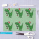 Dinossauro maravilhoso do t-rex do divertimento que guardara o bastão de doces e que veste o lenço de papel original da arte do Natal do chapéu do papai noel. Pode igualmente adicionar o texto feito sob encomenda e mudar a cor do fundo ao pedir.
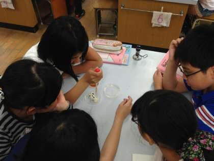 その後,インゲンマメの種子にもでんぷんが含まれてるのかを調べました。どの子も,一生懸命実験に取り組むことができていました。
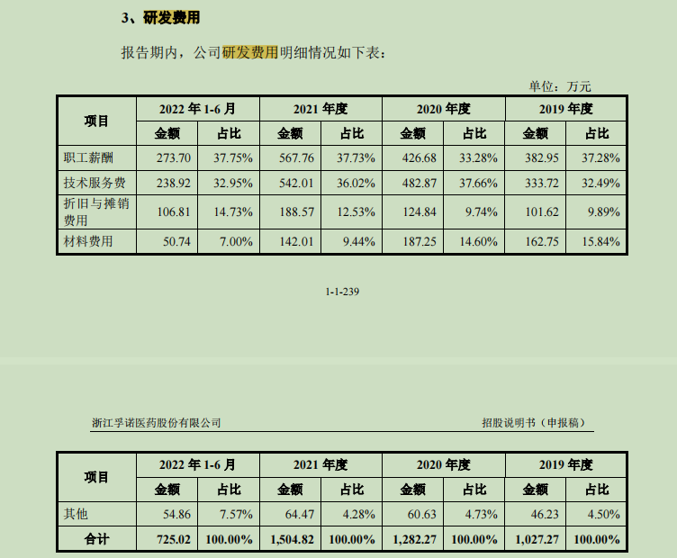 孚诺医药研发费用构成表,截取招股书
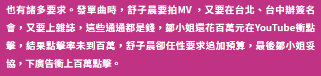 而且舒子晨之前发唱片,要求相当多,要拍mv,在台中台北办签名会,还要上杂志,个个都要钱,邹小姐还花了几十万帮她在社交平台上冲点击量,点击量没突破百万,舒子晨又任性追加预算,邹小姐无奈妥协,又帮她冲上百万点击量。
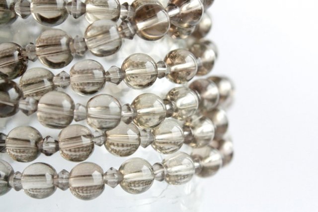 Piękny, długi naszyjnik z dymnych szklanych koralików. Można owinąć je dwa razy wokół szyi, układać na wiele sposobów. Można również nosić jako bransoletkę.
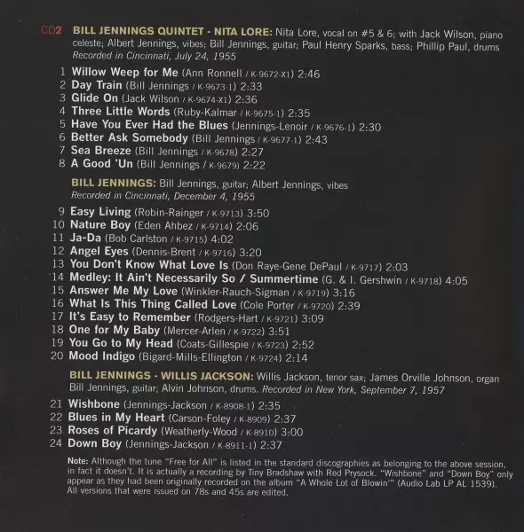 | 2-1 | Bill Jennings Quintet: Willow Weep For Me | ||
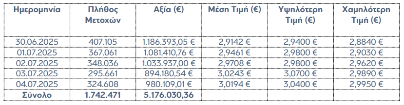 Η «Eurobank Ergasias Υπηρεσιών και Συμμετοχών Ανώνυμη Εταιρεία» («Eurobank Holdings»), σε συνέχεια της από 07.05.2025 ανακοίνωσής της σχετικά με την έναρξη εφαρμογής του Προγράμματος Επαναγοράς Ιδίων Μετοχών («Πρόγραμμα»), που εγκρίθηκε με την απόφαση της Τακτικής Γενικής Συνέλευσης των Μετόχων της Eurobank Holdings στις 30.04.2025 και σε συνέχεια της από 30.04.2025 απόφασης του Διοικητικού Συμβουλίου της, ενημερώνει το κοινό ότι κατά το διάστημα 30/06/2025 – 04/07/2025 απέκτησε συνολικά, στο πλαίσιο του Προγράμματος, 1.742.471 μετοχές εκδόσεως της ιδίας («Ίδιες Μετοχές») που διαπραγματεύονται στο Χρηματιστήριο Αθηνών («Χ.Α.»), με μέση τιμή κτήσης €2,9705, ανά μετοχή και συνολικό κόστος €5.176.030,36.
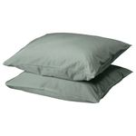 Серо-зеленая наволочка ДВАЛА изготовлена из дышащей и поглощающей влагу хлопковой ткани, что обеспечивает ровную и комфортную температуру в течение всей ночи.

* [Task to complete]: Within the material above, only the stretch from the line holding "孚诺医药研发费用构成表,截取招股书" through the line holding "συνολικό κόστος €5.176.030,36." is to be restated exactly. Pictures are dropped.

* [Response for this exercise]:
 孚诺医药研发费用构成表,截取招股书
 而且舒子晨之前发唱片,要求相当多,要拍mv,在台中台北办签名会,还要上杂志,个个都要钱,邹小姐还花了几十万帮她在社交平台上冲点击量,点击量没突破百万,舒子晨又任性追加预算,邹小姐无奈妥协,又帮她冲上百万点击量。
 Piękny, długi naszyjnik z dymnych szklanych koralików. Można owinąć je dwa razy wokół szyi, układać na wiele sposobów. Można również nosić jako bransoletkę.
 | 2-1 | Bill Jennings Quintet: Willow Weep For Me | ||
 Η «Eurobank Ergasias Υπηρεσιών και Συμμετοχών Ανώνυμη Εταιρεία» («Eurobank Holdings»), σε συνέχεια της από 07.05.2025 ανακοίνωσής της σχετικά με την έναρξη εφαρμογής του Προγράμματος Επαναγοράς Ιδίων Μετοχών («Πρόγραμμα»), που εγκρίθηκε με την απόφαση της Τακτικής Γενικής Συνέλευσης των Μετόχων της Eurobank Holdings στις 30.04.2025 και σε συνέχεια της από 30.04.2025 απόφασης του Διοικητικού Συμβουλίου της, ενημερώνει το κοινό ότι κατά το διάστημα 30/06/2025 – 04/07/2025 απέκτησε συνολικά, στο πλαίσιο του Προγράμματος, 1.742.471 μετοχές εκδόσεως της ιδίας («Ίδιες Μετοχές») που διαπραγματεύονται στο Χρηματιστήριο Αθηνών («Χ.Α.»), με μέση τιμή κτήσης €2,9705, ανά μετοχή και συνολικό κόστος €5.176.030,36.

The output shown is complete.